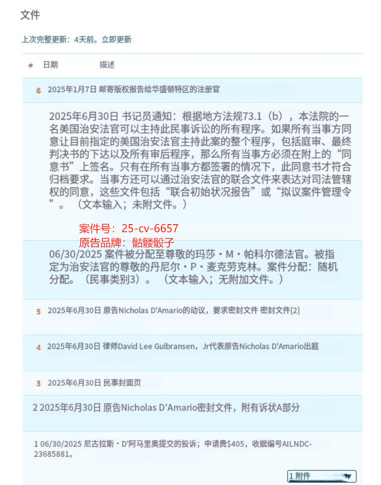 案件号:David 律所代理艺术家Nicholas D'Amario,于2025 年 6 月 17 日在伊利诺伊州发起诉讼(案件号:25-cv-06657 ),目前处于立案阶段,暂未申请 TRO,但风险已至!亚马逊、沃尔玛、阿里国际、eBay、Temu 等平台卖家,务必立刻自查店铺链接!
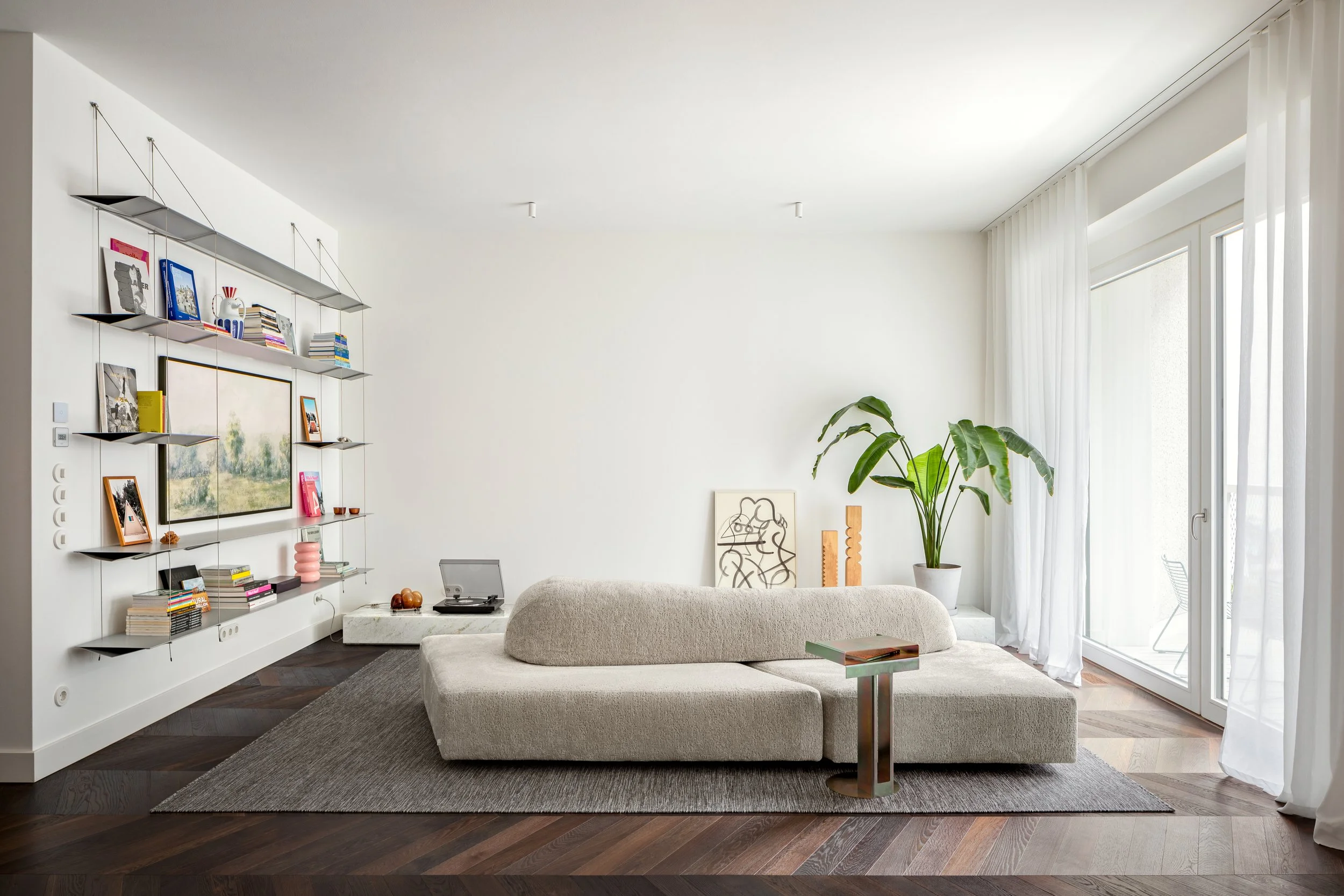A stone shelf stretching along the wall opposite the sofa serves to display the art collection, housing a record player and a Bubble Light by Balzer Balzer made of glass. The wall in the living room is adorned with Nexus shelves by Ben Hoek, which frame the TV.
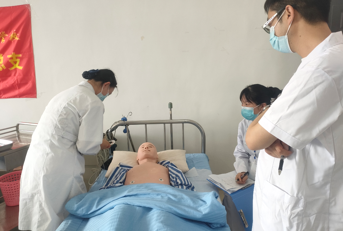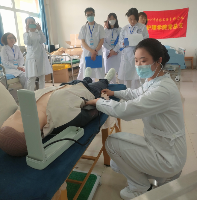 本次集体教研活动的主题是省级护理技能大赛模拟比赛及集体磨赛。四位选手代表学校分别参加四川省高职护理技能大赛及四川省健康与社会照护比赛。护理技能大赛包括双人心肺复苏、静脉留置针输液、心电监测和气管切开护理四个项目。健康与社会照护包括慢性病的健康指导、康复训练、健康海报制作等多项比赛内容。
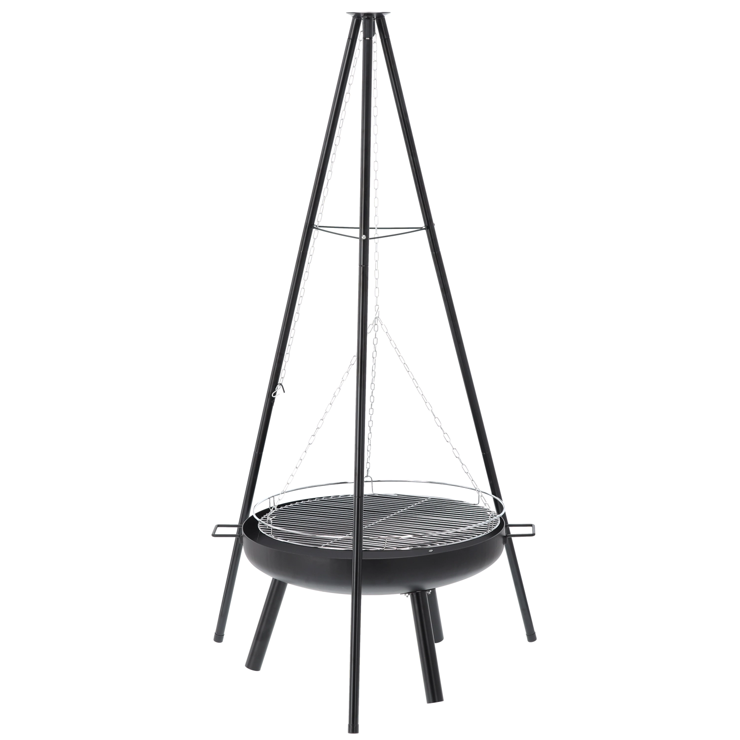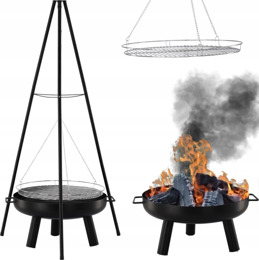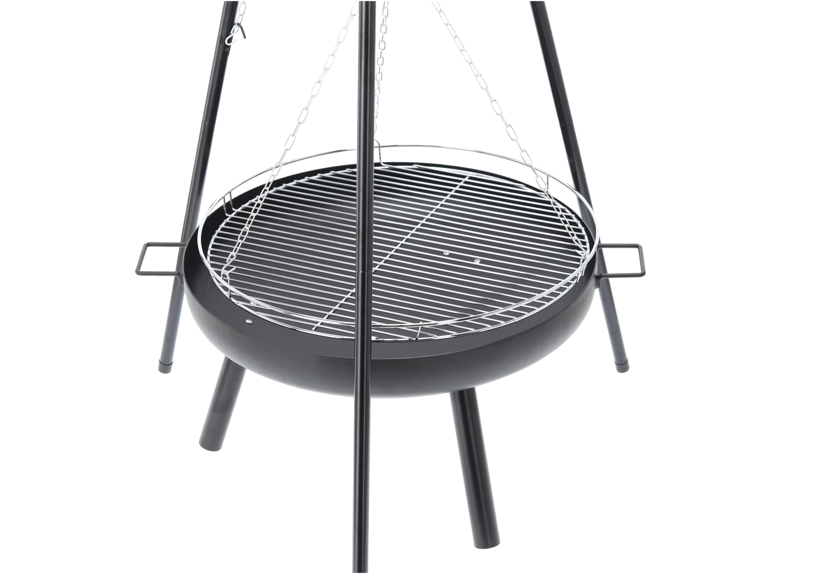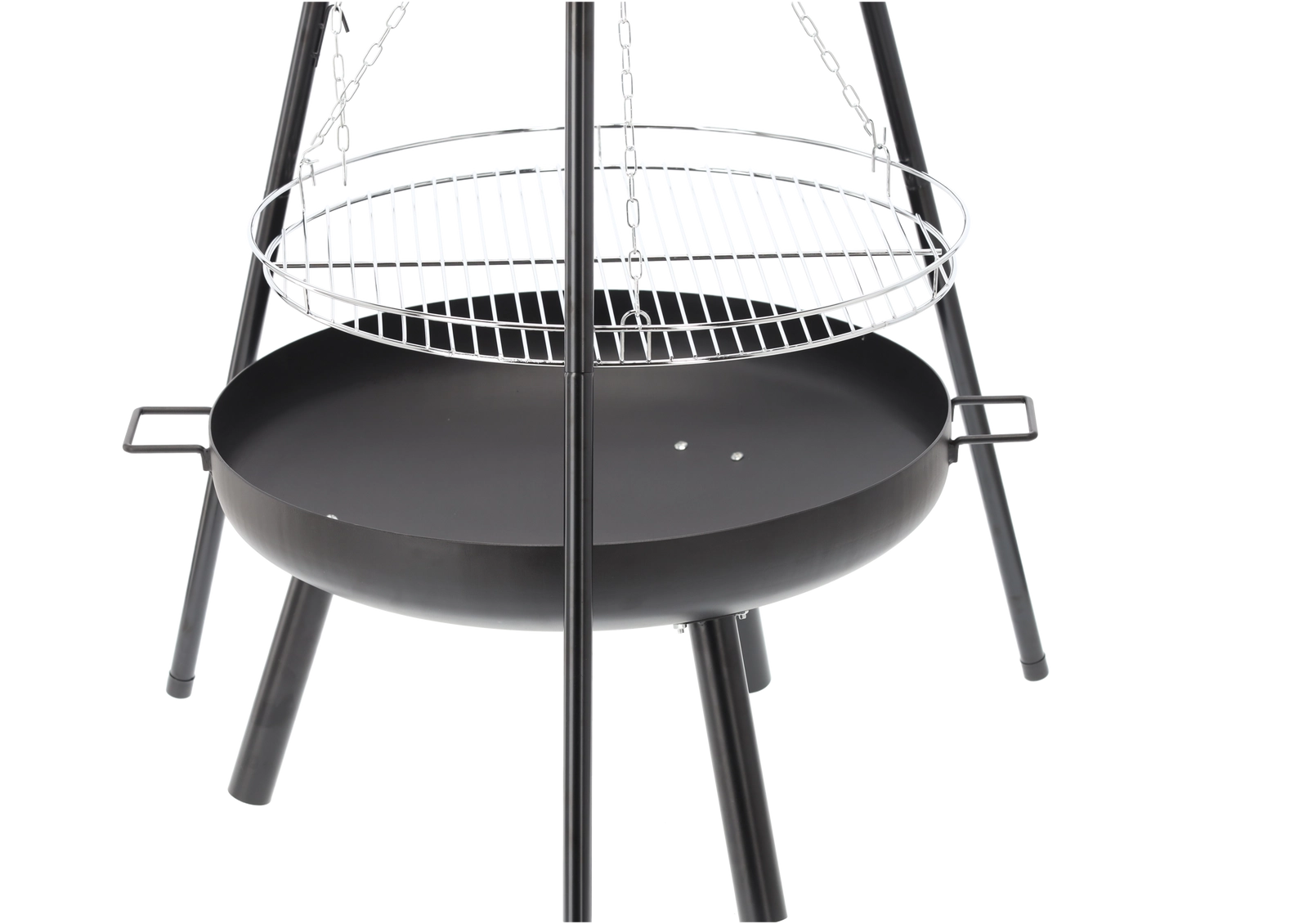 Stijlvolle 2-in-1-oplossing: vuurschaal en hangende grill. De robuuste stalen schaal met een dikte van 2 mm en een hittebestendige zwarte coating staat garant voor een lange levensduur, ook bij veelvuldig gebruik. Dankzij het hangende rooster aan kettingen stel je eenvoudig de afstand tot de hitte in en bereid je sappig vlees, groente en spiesen precies naar smaak.

## [The problem]
Everything in the listing must be copied exactly except the pictures.

## [Solved exercise]
 案件号:David 律所代理艺术家Nicholas D'Amario,于2025 年 6 月 17 日在伊利诺伊州发起诉讼(案件号:25-cv-06657 ),目前处于立案阶段,暂未申请 TRO,但风险已至!亚马逊、沃尔玛、阿里国际、eBay、Temu 等平台卖家,务必立刻自查店铺链接!
A stone shelf stretching along the wall opposite the sofa serves to display the art collection, housing a record player and a Bubble Light by Balzer Balzer made of glass. The wall in the living room is adorned with Nexus shelves by Ben Hoek, which frame the TV.
 本次集体教研活动的主题是省级护理技能大赛模拟比赛及集体磨赛。四位选手代表学校分别参加四川省高职护理技能大赛及四川省健康与社会照护比赛。护理技能大赛包括双人心肺复苏、静脉留置针输液、心电监测和气管切开护理四个项目。健康与社会照护包括慢性病的健康指导、康复训练、健康海报制作等多项比赛内容。
 Stijlvolle 2-in-1-oplossing: vuurschaal en hangende grill. De robuuste stalen schaal met een dikte van 2 mm en een hittebestendige zwarte coating staat garant voor een lange levensduur, ook bij veelvuldig gebruik. Dankzij het hangende rooster aan kettingen stel je eenvoudig de afstand tot de hitte in en bereid je sappig vlees, groente en spiesen precies naar smaak.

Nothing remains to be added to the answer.